If you love theater but find your enthusiasm dimmed by the high price of tickets, take note: You can get great seats for less at most area theaters. All you need is a little persistence and these pointers:
One of the more economic ways to obtain cheap tickets is through TICKETplace. They offer half-price, day-of-show tickets to a variety of performances in the D.C. metropolitan area throughout the year. Tickets are sold in person only at the TICKETplace box office located in the Old Post Office Pavilion. Tickets are sold on a first-come, first-served basis. Credit cards are not accepted.
Woolly Mammoth Theatre
The first two previews of every show at Woolly Mammoth are pay-what-you-can performances, and the line can get a little hairy. Bargain hunters start lining up around 6 p.m., tickets go on sale at 6:30, all 132 tickets are generally sold by around 6:40 and latecomers leave empty-handed. But hey, no one said cheap seats always come easy. Still, if you're hard-pressed to make it to the theater in time to take advantage of the deal (PWYC performances are always on a Monday and Tuesday), you have a few other options. The theater will periodically place ads in the papers offering two-for-one tickets. Seniors 60 and over get $5 off their tickets, and subscribers get a 25 percent discount. If you want to put a little more work into it, you can always volunteer to usher and see the show for free.
Arena Stage, the grande dame of D.C. theaters, might have the best cheap-seat deal in town. The theater sets aside discounted tickets, or "Hottix," for every show (the exact number of tickets varies according to the show's popularity). These half-price tickets go on sale 90 minutes before each show and sell for cash only at the box office. Then, whether or not they all sell, they go off sale one hour later (half-hour prior to curtain). Is that a deal? The box-office staff recommends getting to the theater about 30 minutes before the Hottix go on sale. The theater also offers a 15 percent discount to seniors 60 and over and to the disabled and a whopping 35 percent discount to students with valid ID. Ticket prices range from $37 to $45, so that's a big savings. And if you're looking to make a long-term commitment, subscribers save up to 47 percent.
The Signature Theatre
The Signature Theatre's growing popularity and small size mean that cheap seats can be difficult to come by. No formal student or senior discounts are available, and even subscribers save only about 8 percent on a season of tickets. Still, with a little diligence, you can pay less to see the same show as others who shell out the big bucks ($18 to $23 for plays, $21 to $25 for musicals). Bargain hunters should check the newspaper for announcements about rush tickets ($10, one hour before the performance). Rush tickets are often available on the first one or two nights of a show's run and on slow nights thereafter. But here's a tip you won't find anywhere else (as far as we know): If you call the box office the day of a show and ask about rush tickets and a fair number of seats are still available the folks there may just give you the discounted rate, even if it hasn't been advertised.
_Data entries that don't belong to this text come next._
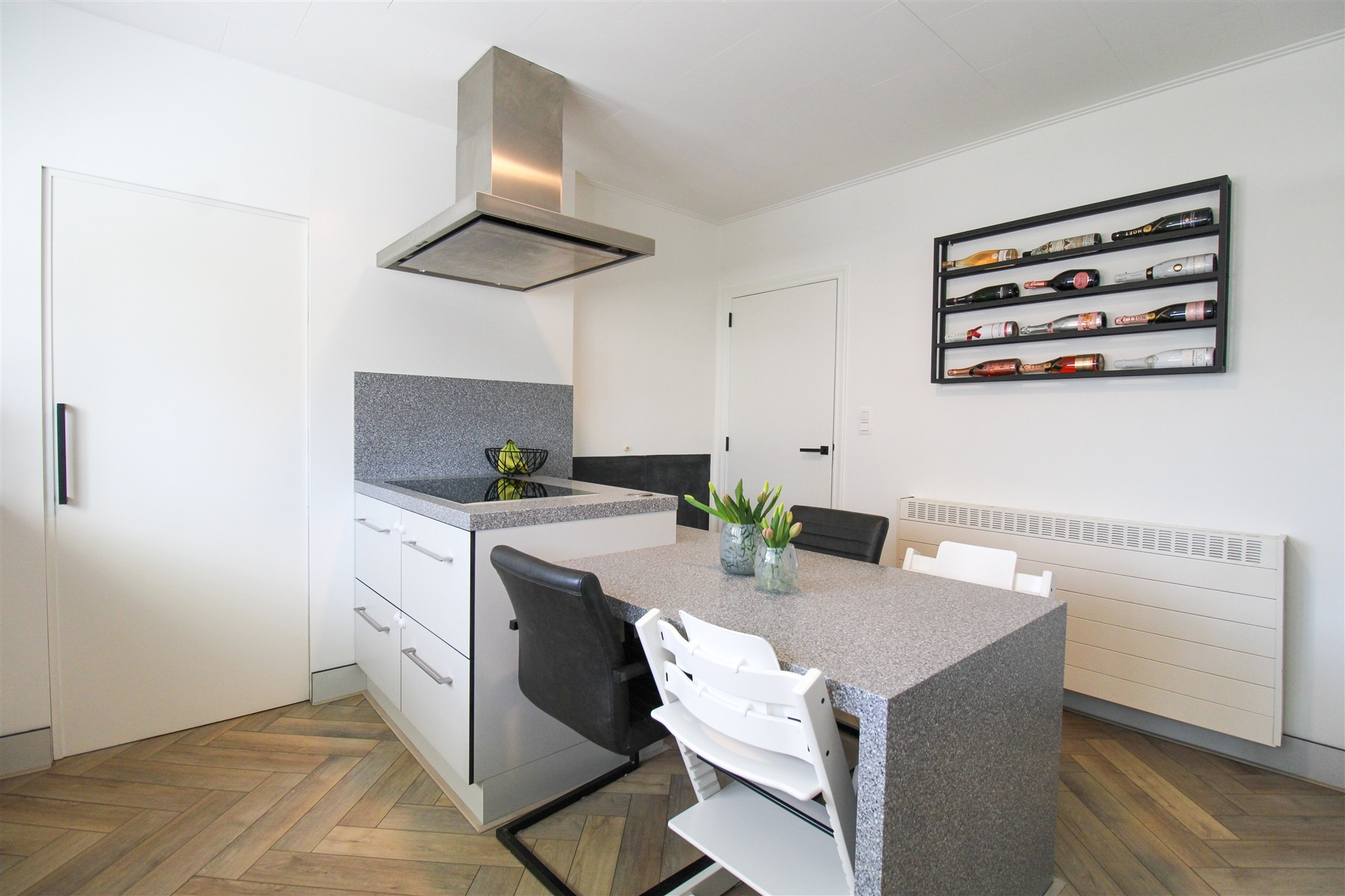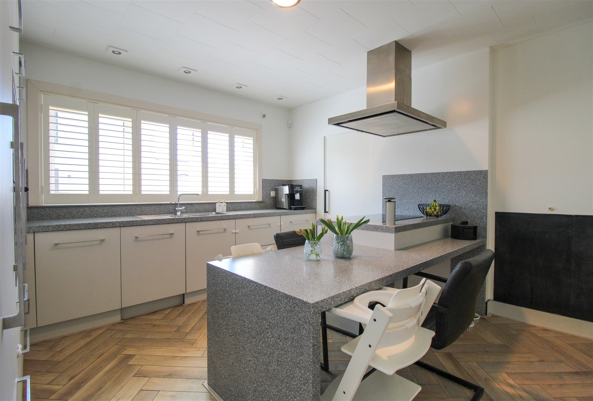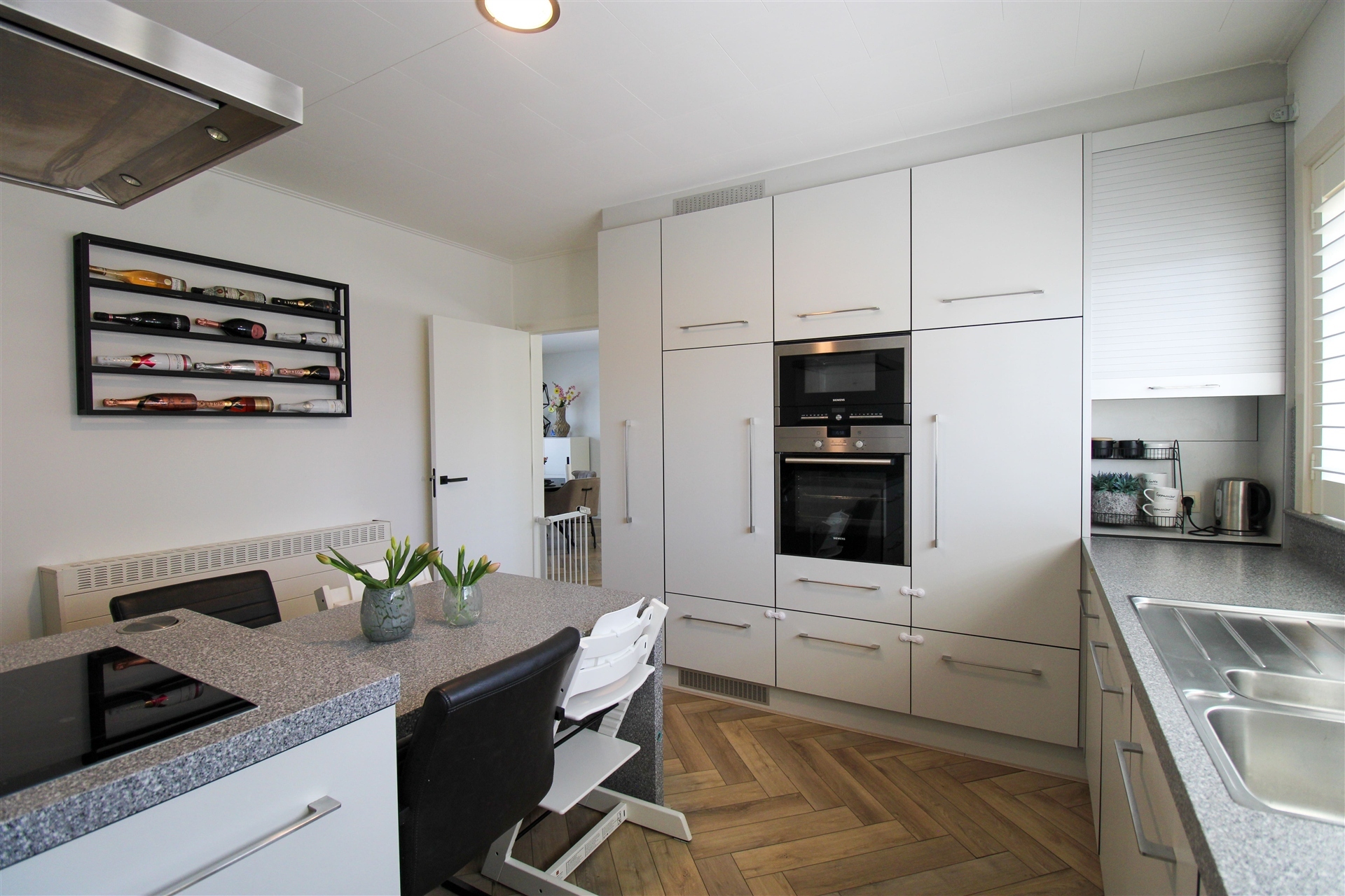 Aansluitend vindt u de praktische keuken met centraal kookeiland. Deze is uitgerust met een inductiekookplaat, dampkap, dubbele spoelbak, oven, microgolfoven, vernieuwde inbouwkoelkast en vernieuwde vaatwasser. Alles voorzien van een soft-close systeem. De keuken grenst aan een praktische bijkeuken/berging, die ook toegang verschaft tot een zeer ruim terras met elektrische zonneluifel.
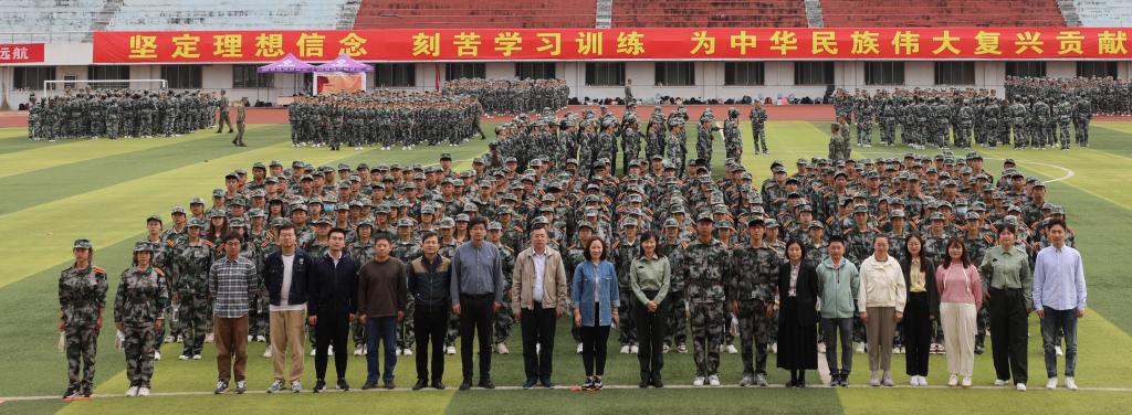 党委书记程捷音,院长刘龙,党委副书记、副院长林丹,办公室主任徐静,2022级班主任代表及全体辅导员来到军训场,观摩阶段性训练成果,为参训同学送上最亲切的慰问和祝福。
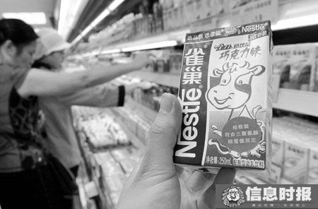 在家樂福超市萬國廣場店,記者看到光明純牛奶250毫升裝悄然回歸賣場;在吉之島超市天河城店,記者看到,昨日還未貼上綠簽的雀巢巧克力味和草莓味的配制型含乳飲料,昨日悄然換新裝。其生產(chǎn)日期標注為“2008年6月6日”,早于9月14日這一“分水嶺”。同時,記者在7-11便利店天河南店也看到了雀巢這兩款配制型含乳飲料重新擺上貨架售賣。
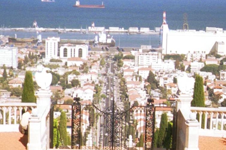 Вид на город и Средиземное море с террасы храма религии Бохаи.
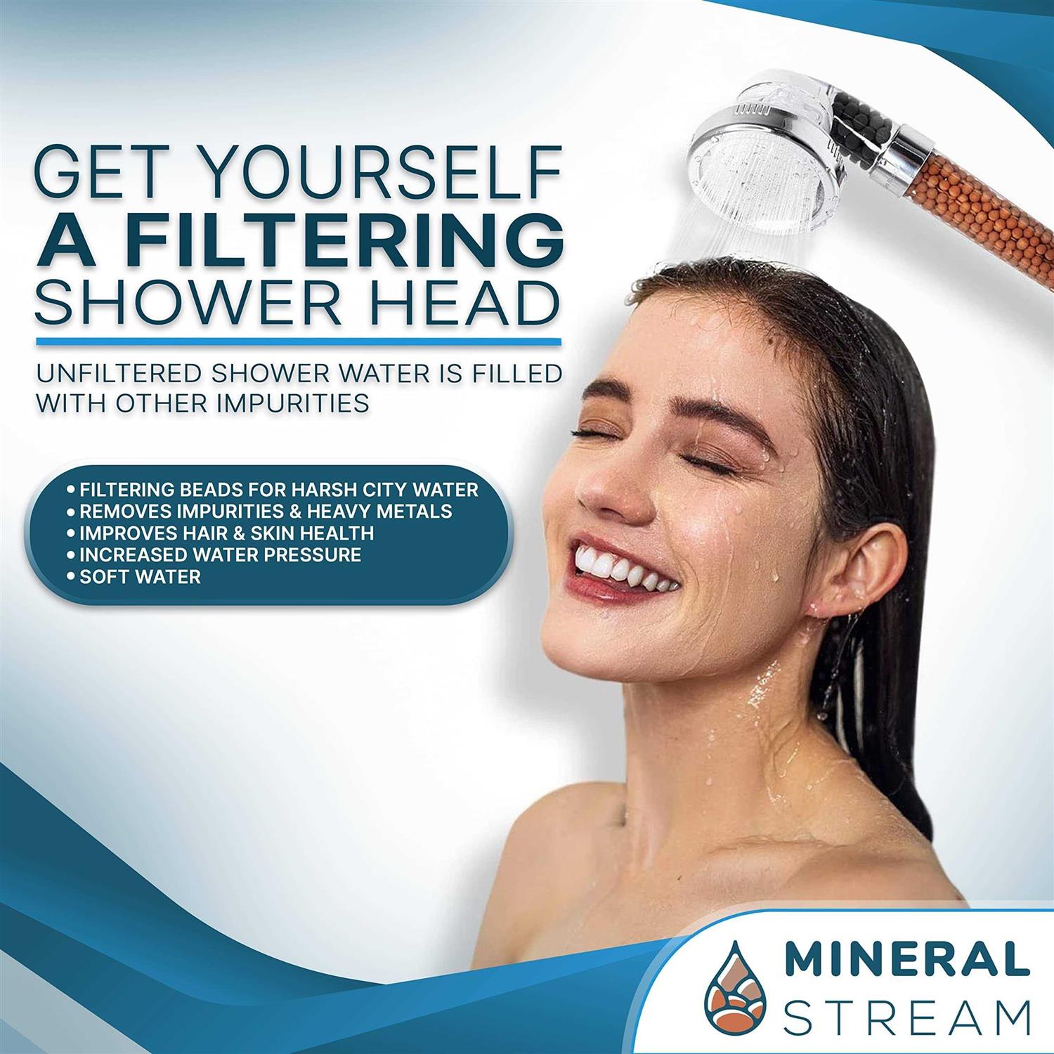 Filtered Shower Head with Handled by MineralStream High Pressure Water Saving Showerhead with Filter Beads for Hard Water with Rainfall

You might not get $20 rush tickets to every show that comes to the National Theatre, but frugal theatergoers can often score cheap seats. At the producer's discretion, these tickets are available at the box office for cash only on a first-come, first-served basis two hours before show time. Some shows are more popular than others, so you may need to get to the theater earlier. Students ages 4 through college, seniors 65 and older, military personnel grade 4 and below, disabled patrons, and Department of Human Resources cardholder can get half-price tickets every Tuesday and Wednesday evening and for one of the two matinees on weekends. The tickets can be purchased at any time at the box office, but only a limited number are available in each seating price range. Bargain hunters who don't fit into any of these categories might also check Ticketplace (202/842-5387/information) for tickets to a particular show or contemplate standing-room tickets, which are sold for $20 after a show sells out.
Source Theatre Company
Pay What You Want at the Source on the Wednesday and Thursday before an official Saturday opening of a Source Theatre Co. production. Preview for whatever price your pockets like the same show that will cost $20-$25. There is no minimum charge, so you can indulge your most frugal impulses just remember it's called "Pay What You Want," not "Free Show Jamboree."